Debussy’s Nocturnes is a more familiar work, with a clearer narrative across its three movements: impressions of clouds, a festive procession and the sirens of Greek mythology. This was a performance of great clarity and balance. As a prolific orchestral composer himself, Knussen was able to peel back the layering of Debussy’s gossamer score, highlighting the horn, harp and string sonorities in particular. But there was something a little too careful and dry about his reading. The second movement ‘Fêtes ‘, for example, lacked the joy and verve that it surely requires.
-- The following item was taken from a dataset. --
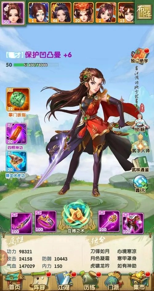 大掌门内力是核心战斗属性,直接决定武功伤害、触发内力判定、提升防御续航、影响经脉与心法效果,是决定胜负的关键属性。内力数值越高,释放武功时的伤害加成越显著,在内力比拼环节拥有绝对优势,同时能提升弟子的生存与持续作战能力,搭配合适武学与养成路线可形成稳定且强势的战斗体系。内力参与核心伤害计算,单体武功伤害由攻击、内力与武功强度共同决定,群体武功会对内力进行额外倍率放大,高内力弟子搭配高伤害系数武学,能够快速突破敌方防御造成高额输出,即便面对高防御对手,也能依靠内力加成打出稳定伤害,避免不破防导致的低效输出。内力优势会在技能释放频率与伤害上限上体现,核心输出弟子堆高内力,可让绝学与群攻技能发挥最大效果,快速清理敌方阵容。

Following the interval, George Benjamin’s Dream of the Song was also given its UK premiere. Scored for solo countertenor (Iestyn Davies), a chamber-sized female chorus (members of the BBC Singers) and small orchestra, it sets verses by two early medieval poets from Granada – Samuel HaNagid and Solomon Ibn Gabirol – and poems by Gabriel Garcia Lorca, who was killed near the city in 1936. Benjamin’s music deftly reflected the haunting beauty of the verses, and the wistful but muscular countertenor lines found their ideal exponent in Davies. Somehow, though, the five sections felt overly reserved, with limited contrasts between the different numbers. The work probably requires repeated listening to uncover its more complex subtleties

It was left to Stravinsky and his Symphony in Three Movements to ratchet up the rhythmic bite and thematic diversity that was lacking earlier in the concert. Knussen seemed to thrive in the opening Allegro’s percussive punch and the second movement’s jaunty irony. Again, his direction was precise and detailed, but this time the mood lifted, and he elicited some excellent playing from the BBC SO, particularly from the team of percussionists and Elizabeth Burley on piano.